Step 2: Taking one character at a time from our message, traverse the Huffman tree to find the leaf node for that character. The binary code for the character is the string of 0’s and 1’s in the path from the root to the leaf node for that character. For example: ‘f’ has the binary code: 100

So our message “feed me more food” becomes 10000000111111010011110111001000111100110110011

Efficiency of Huffman Encoding

Notice that in our Huffman tree, the more frequent a character is, the closer it is to the root, and as a result the shorter its binary code is. Can you see how this will result in compressing the encoded text?

From Binary Code to Text

We can also decode strings of 0’s and 1’s into text using our Huffman tree. What word does the code 01000011 translate to?

What About the Rest of the Alphabet?

Notice that in our example above, the Huffman tree that we built does not have all the alphabet’s letters; so while we can encode our message and some other words like “door” or “deer”, it won’t help us if we need to send a message containing a letter that’s not in the tree. For our Huffman encoding to be applicable in the real world we need to build a huffman tree that contains all the letters of the alphabet; which means instead of using “feed me more food” to build our tree, we should use a text document that contains all letters of the alphabet to build our Huffman tree. As a fun example, here is the Huffman tree that results when we use the text of the Declaration of Independence to build it.

Checking Out Your Code

To check out your files for this lab, run the following from your cs225 directory:

svn up
cd lab_huffman
make data

This will create a new folder in your working directory called lab_huffman and grab the data text files we will be dealing with.

Here is the Doxygen generated list of files and their uses.

Implement buildTree() and removeSmallest()

Your first task will be to implement the buildTree() function on a HuffmanTree. This function builds a HuffmanTree based on a collection of sorted Frequency objects. Please see the Doxygen for buildTree() for details on the algorithm. You also will probably want to consult the list of constructors for TreeNodes.

You should implement removeSmallest() first as it will help you in writing buildTree()!

Tie Breaking

To facilitate grading, make sure that when building internal nodes, the left child has the smallest frequency.

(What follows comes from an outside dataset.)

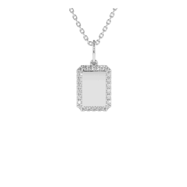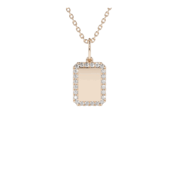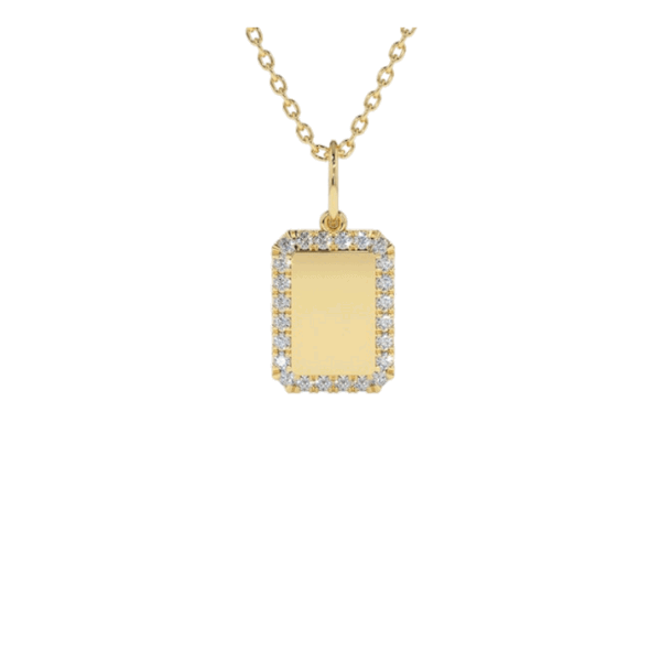 This stunning 14K solid gold diamond pendant features a unique square plate design adorned with dazzling round diamonds. The diamonds are prong set to give it an elegant look that will shine and sparkle in any light.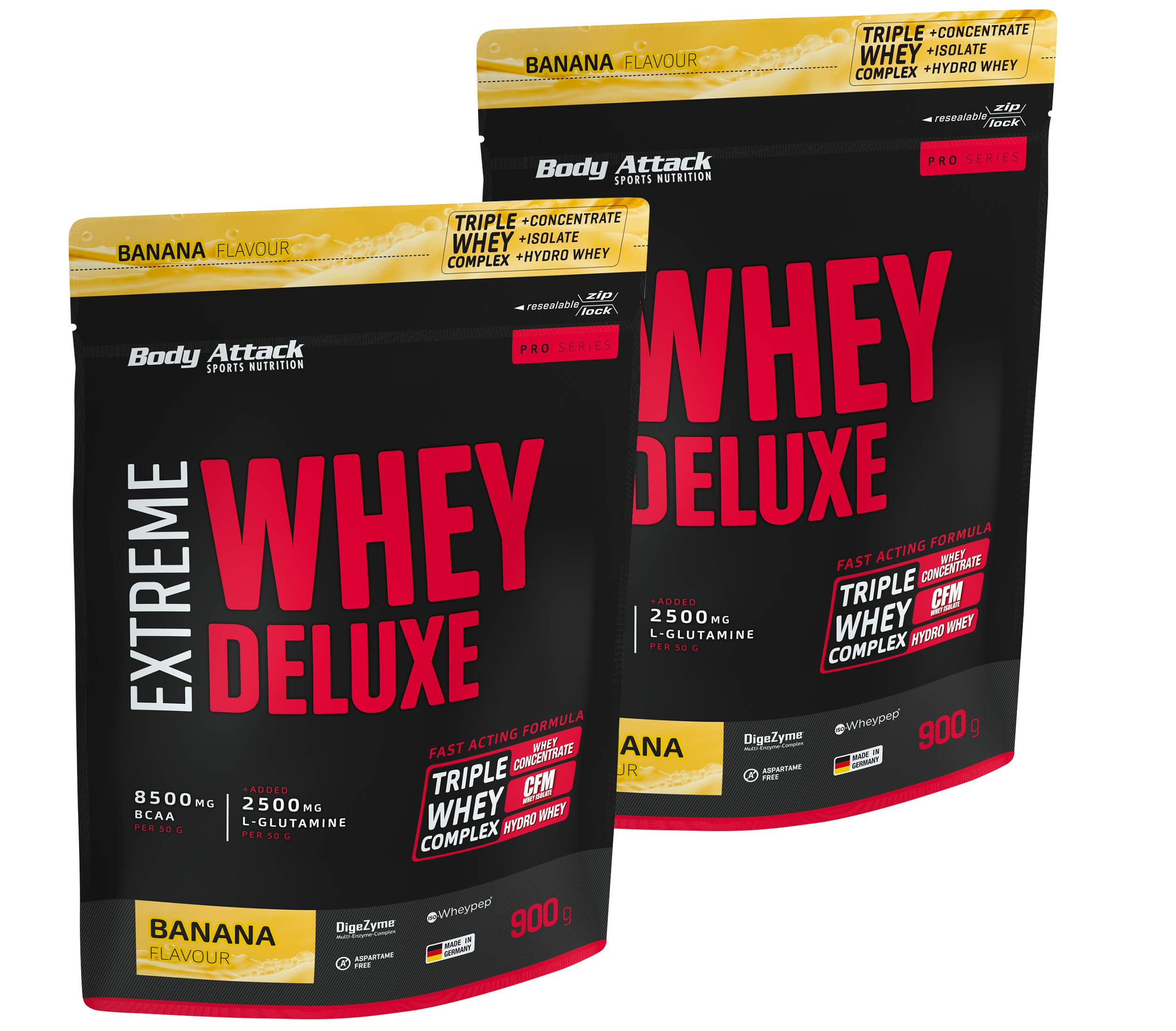 Body Attack Extreme Whey Deluxe Banana Cream 2x900g-protein powder with amino acids triple whey complex CFM whey isolates perfectly soluble protein powder low in fat sugar arm in Germany 900 g (2 Pack)

In removeSmallest(), break ties by taking the front of the singleQueue!

Implement decode()

Your next task will be using an existing HuffmanTree to decode a given binary file. You should start at the root and traverse the tree using the description given in the Doxygen. Here is the Doxygen for decode().

You will probably find the Doxygen for BinaryFileReader useful here.

We’re using a standard stringstream here to build up our output. To append characters to it, use the following syntax:

ss << myChar;

Implement writeTree() and readTree()

Finally, you will write a function used for writing HuffmanTrees to files in an efficient way, and a function to read this efficiently stored file-based representation of a HuffmanTree.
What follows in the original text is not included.